Nasdaq’s listing plans will make it harder for small Chinese companies to go public in the U.S.

## Nasdaq Tightens the Reins on Chinese IPOs

This article details the Nasdaq’s new listing requirements, which will make it more difficult for small Chinese companies to list on the exchange. It also highlights the growing tensions between the U.S. and China, as well as China’s retaliatory tariffs on U.S. optical fiber producers.

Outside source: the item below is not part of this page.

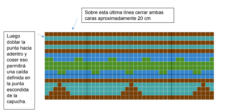 Para tejer esta bufanda comenzaremos con una línea base y luego nos guiaremos con el siguiente diagrama. Cadeneta de 190 pt. Tono (016) marrón pm. este tono marcara las líneas del diagrama. Seguir diagrama en pa. Total de líneas: 16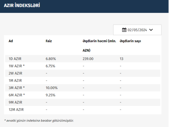 Azərbaycan Mərkəzi Bankı (AMB) 02.05.2024 tarixinə olan AZIR indekslərini açıqlayıb.

  • Stricter Listing Requirements: The Nasdaq is implementing new rules requiring Chinese companies to raise at least $25 million in their initial public offerings (IPOs) to list on the exchange.
  • Reasoning Behind the Change: This move is in response to a surge of small Chinese companies listing in New York and concerns about “pump and dump” schemes and compliance issues.
  • Impact on Chinese Companies: The new rules will make it more difficult for smaller Chinese companies to go public in the U.S.
  • Broader Context: This comes amid rising tensions between the U.S. and China, with the Nasdaq citing concerns about U.S. legal recourse against potentially manipulative trading activities.
  • China’s Retaliation: China has announced new punitive tariffs on some U.S. optical fiber producers, citing anti-dumping violations.
  • Trade War Escalation: This move is seen as a response to recent U.S. actions restricting China’s access to advanced chips and participation in the undersea cable supply chain.
  • Regulatory Scrutiny: The Nasdaq’s move is part of a growing regulatory scrutiny on tiny Chinese IPOs over the last several years.

For more details, you can read the original article [here](insert_article_link_here).